One of the first players I
recruited to represent was my former St. Mary’s player, Broderick Perkins.
Among the other outstanding major-league players I recruited to Golden Gate
Sports and represented in their baseball and business dealings were Joe Morgan,
Dion James, Ernie
Riles, Mike Felder, Gary Pettis, Stacey Pettis, Danny Tartabull,
Eric Davis, Kevin Bass, Willie McGee, Eric Anthony, Leon “Bip”
Roberts, Charles “Chili” Davis, Johnny Rabb, Chris
Brown, Lloyd McClendon, Wade Boggs, Dan Gladden, Anthony Telford, Scott Bullett, Marquis Grissom, Arthur Lee Rhodes, Alan Mills and
Rickey Henderson. Among those players’ accomplishments were 47 All-Star
appearances, four Most Valuable Player awards, 16 World Series championships
and three current or future Hall of Fames. We represented many other players in
the major leagues and the minors as well. Most were African-American players,
including many who were natives of the San Francisco Bay Area; others, notably,
were white players, including some superstars.
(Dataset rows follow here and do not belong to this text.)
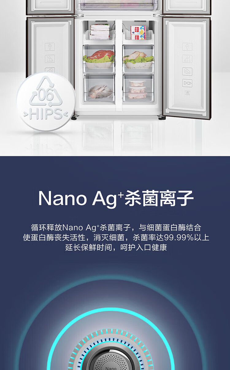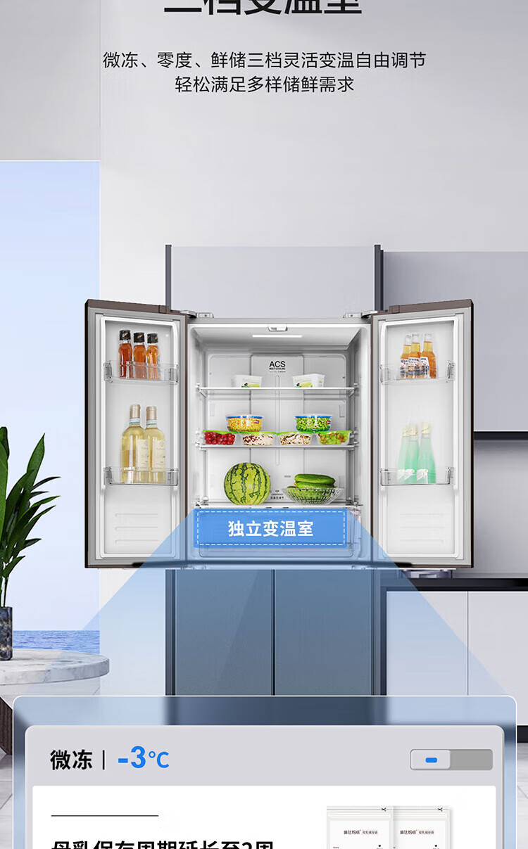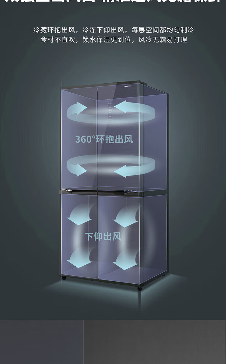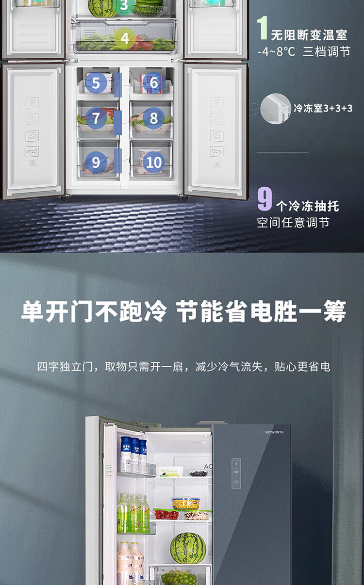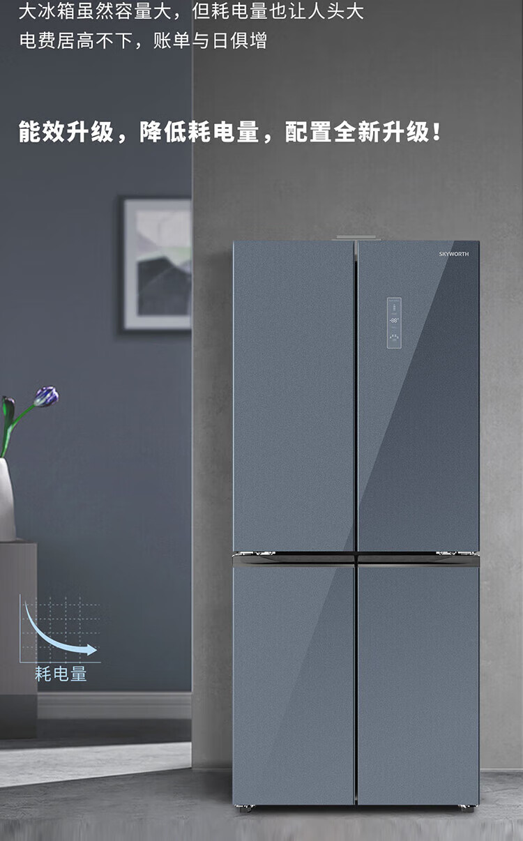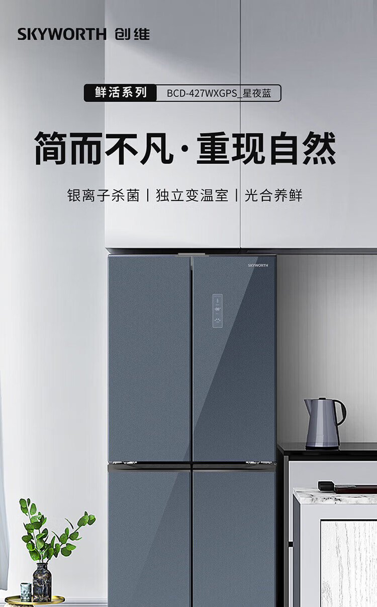 创维/Skyworth BCD-427WXGPS 电冰箱 427升双变频十字对开门冰箱 一级能效 冷藏三挡变温调节 90°直角开门 BCD-427WXGPS星夜蓝
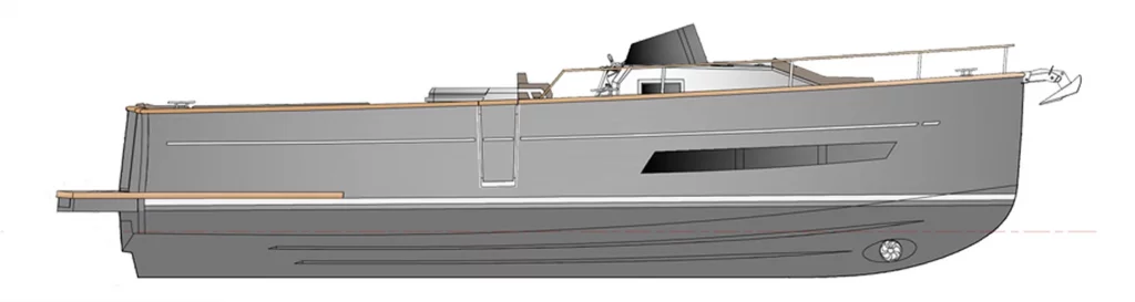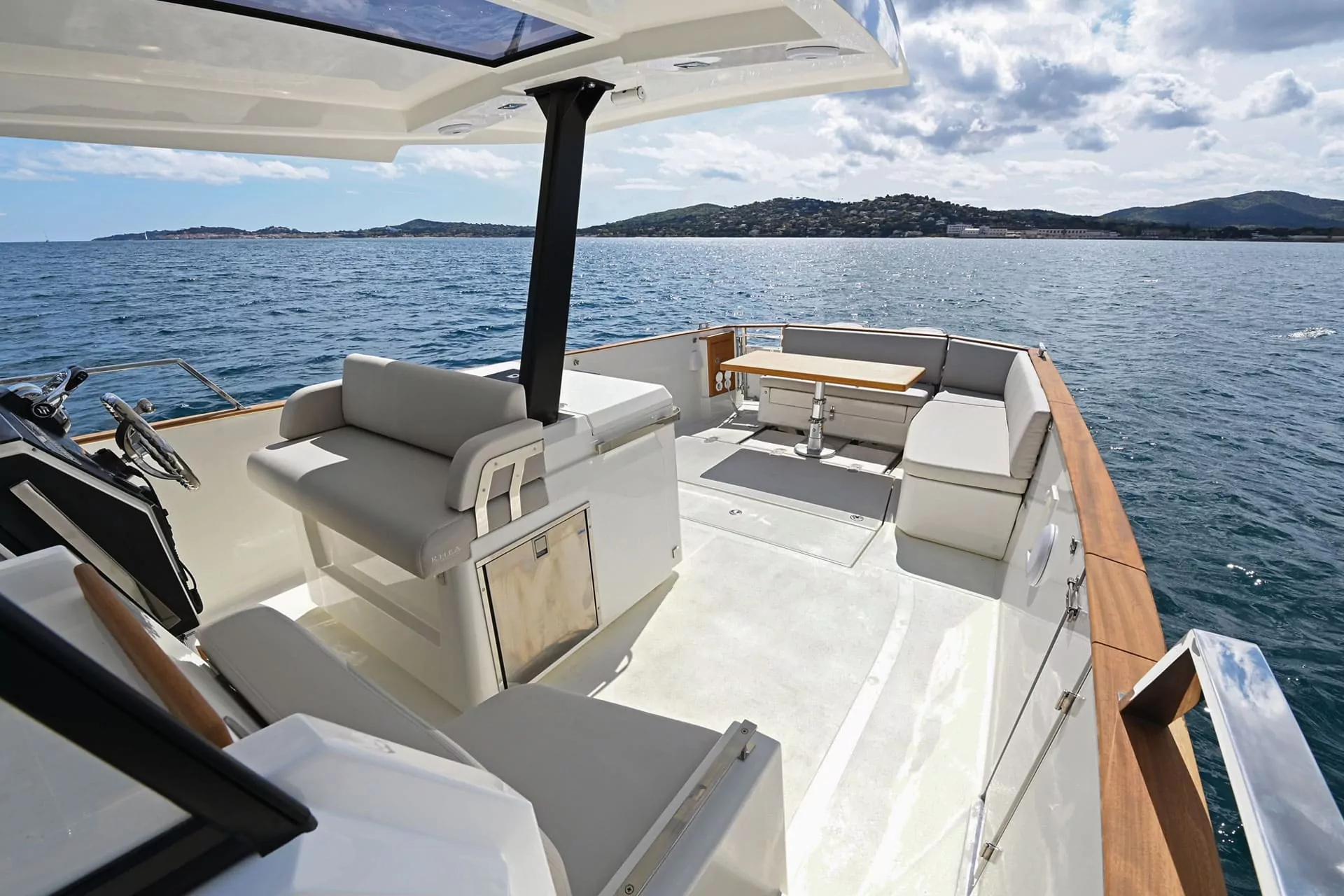 The self-bailing cockpit features the same layout with an L-shaped bench seat on the starboard aft end and the option to move the central module, mounted on rails, forward to raise the engine. A table can then be installed, creating a comfortable cockpit seating area.
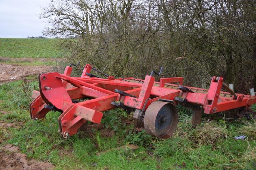 1995 Spaldings 5 leg flat lift with rear packer and depth wheels, linkage mounted
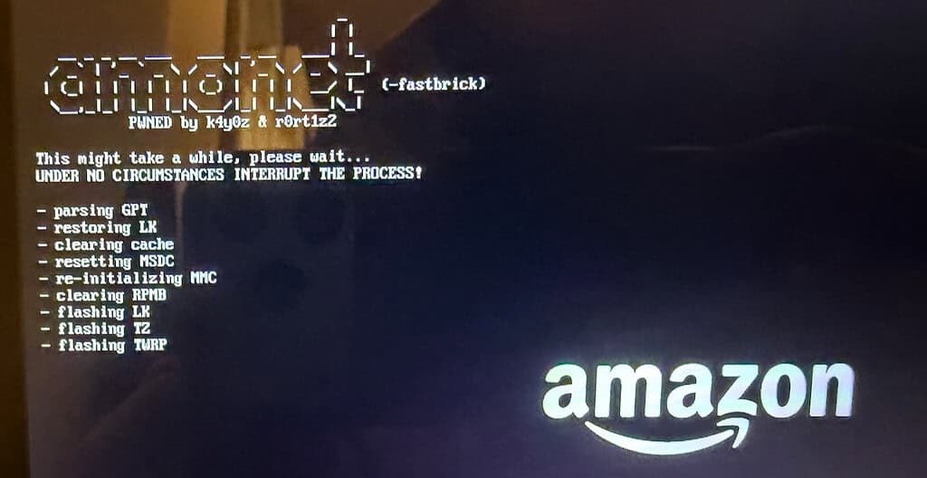 7. If the jailbreak is successful, you will see an amonet screen appear on your Echo show and see the flashing process. After the flashing process is finished, the Echo Show will reboot into the new custom boot loader, TWRP.
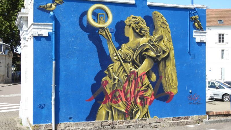 We rijden in rustig tempo naar Lure. Deze plaats ligt 18 kilometer noordelijker. Ik heb gelezen over de street art die hier te vinden is. We vinden een heel geschikte plek om de camper te stallen. Zowat tegen het centrum aan ligt een onbeheerd en semi verhard terrein. Na het installeren van onze woonwagen gaan we op pad. Het is slechts 400 meter lopen.

A person looking at this list of
clients would believe that my firm was making millions of dollars after more
than two decades in the business. Everyone on my staff was, and is, a college graduate and highly qualified to do this kind
of work, African American and white; many white agents then and now have not
had the educational background that my staff and I have, and they certainly
have not had my background as a player, scout and coach. Yet I have learned
over the years that for African Americans, representing pro athletes as an
agent is a very difficult area in which to achieve. It has always been easy for
me to recruit African-American clients, but it has been extremely hard to
retain them. The white clients that I represent are much easier to continue
working with, because of “elements in baseball” that I will elaborate on in
this chapter.
My experience with Rickey Henderson,
however, is a good illustration of what African-American agents such as myself have to encounter in trying to attract and retain
African-American players, particularly stars-in-the-making, as long-term
clients.
I have known Rickey Henderson
since he was nine or ten years old. I was a friend of his mother and family. On
his way to school, he used to stop by the M&M Bottle Shop, the liquor store
Joe Morgan and I co-owned in Oakland.
Over the years, I saw him develop into a top baseball and football prospect at Oakland
Technical High School.
He also played semi-pro baseball with adults at a very young age, as I had done
in my younger years.
During Rickey’s senior year in
high school, while I was still coaching at St. Mary’s, one of the local scouts
for the San Diego Padres, whom I worked with and referred players to, came to
me and suggested I saw one of the Tech players and possibly recruited him for
developing at St. Mary’s. The player was Rickey Henderson. I saw him one Sunday
in a semi-pro game, and he had developed so much that I told the scout that
Rickey was ready to play professional baseball right then and there. On another
occasion I brought Rickey and one of his classmates, Fred Aikens,
to St. Mary’s. I picked them up at their school in my new green Mercedes Benz,
with the top down on a beautiful East
Bay day, and I took them out to St.
Mary’s. I talked to Rickey about the possibility of playing baseball at
college, for example at St. Mary’s for me – but also advised him that if he
were to get drafted, he should take the opportunity to play professional
baseball. Rickey admired the Benz so much and was so delighted to ride in it
that I said to him, “Rickey, if you work hard and develop yourself in
professional baseball, someday you will be able to own one of these, or maybe
two of them.”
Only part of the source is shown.